Here, however, we should add that the Equation of State is not necessarily restricted to the global equilibrium states of a system. Even in a spatially inhomogeneous substance, if a macroscopically small but microscopically large region around every point of the substance has equilibrated, then the system is said to be in local thermodynamic equilibrium (LTE). The thermodynamical relations which apply to global equilibrium states, can also apply to the fields which represent pressure p(x), density ρ(x), and temperature T(x), in a substance out of global equilibrium.
So that's the Equation of State. Now, the release of chemical energy in a combustible gas, can be idealised by representing the region in which combustion occurs to be infinitely thin, and the combustion to be instantaneous. This, however, introduces a discontinuity into the flow, and the discontinuity is called the reaction front, or combustion front. The presence of the discontinuity entails that the equations of conservation of mass, momentum and energy, normally used in gas dynamics, have to be replaced by the Rankine-Hugoniot jump relations.

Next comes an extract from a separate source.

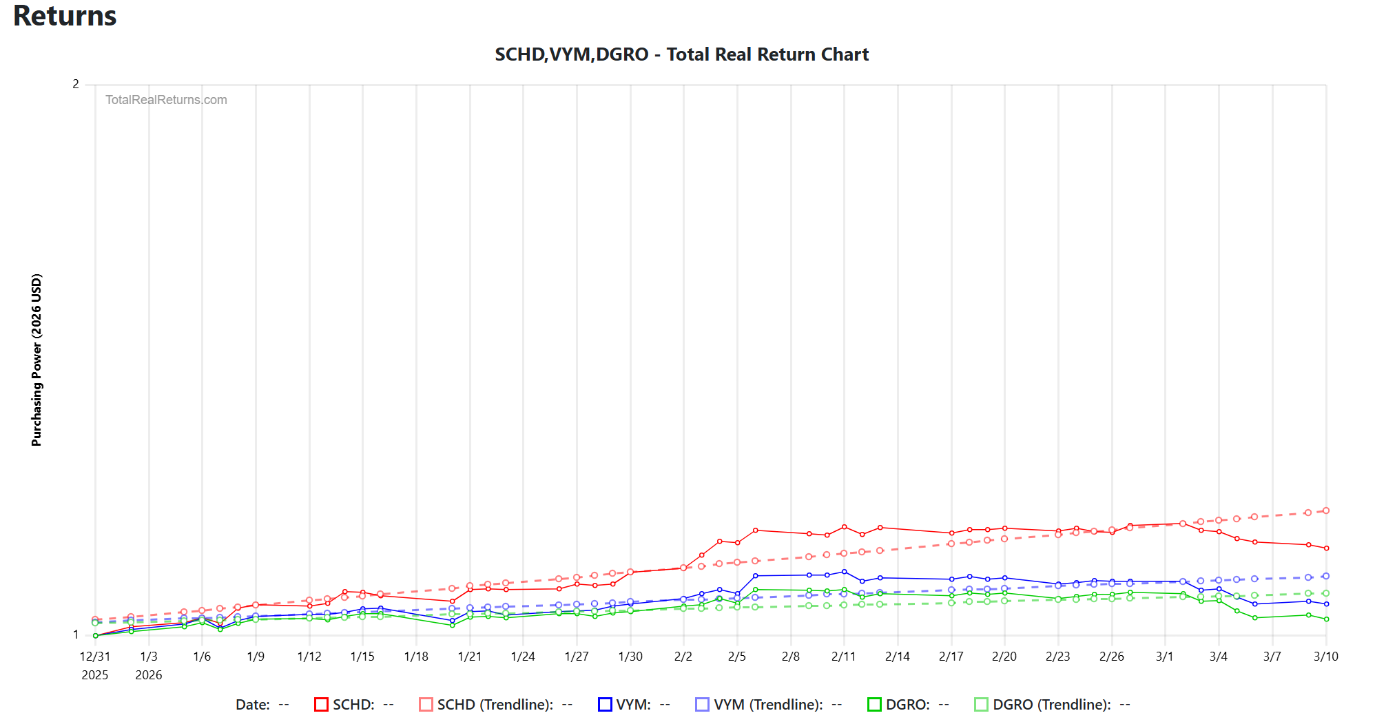 When someone wants a normal dividend ETF they can buy, hold, and reinvest into for snowballing income, they often just want to buy the best one instead of holding multiple at once. 2026 has started off as a tumultuous year, so looking into this year’s performance is a good gauge for how these ETFs can perform in the long run.

By combining the jump relations with the Equation of State of the gas in question, we obtain a curve, centred on the initial pressure and volume of the gas, called the Hugoniot curve. This curve doesn't specify the sequence of states of the gas during combustion; rather, each point specifies a possible post-combustion equilibrium macrostate of the gas.
Strictly speaking, the curve exists in a five-dimensional space in which the coordinates are pressure, volume (or density), internal energy, speed of the discontinuity Us, and the particle speed after the passage of the discontinuity up. Typically, however, the curve will be projected onto a plane, such as the P-V plane.
The Hugoniot curve can be divided into two branches, the upper and the lower. The upper branch specifies those states reached through detonation, in which the discontinuity becomes a supersonic shock compression, whilst the lower branch specifies those states reached through a so-called deflagration, in which the discontinuity moves with subsonic speed, via thermal conductivity. It is only the latter process which engine designers consider to be a useful form of combustion.
In fact, a detailed analysis of the combustion fronts in deflagration reveal not an infinitely thin layer, but a two-zone structure, with a leading pre-heat zone in which the temperature is raised by conduction, and a trailing reaction zone. The portion of the flame ahead of the reaction zone is typically five times as thick as the reaction zone itself.
All of which constitutes enough for now.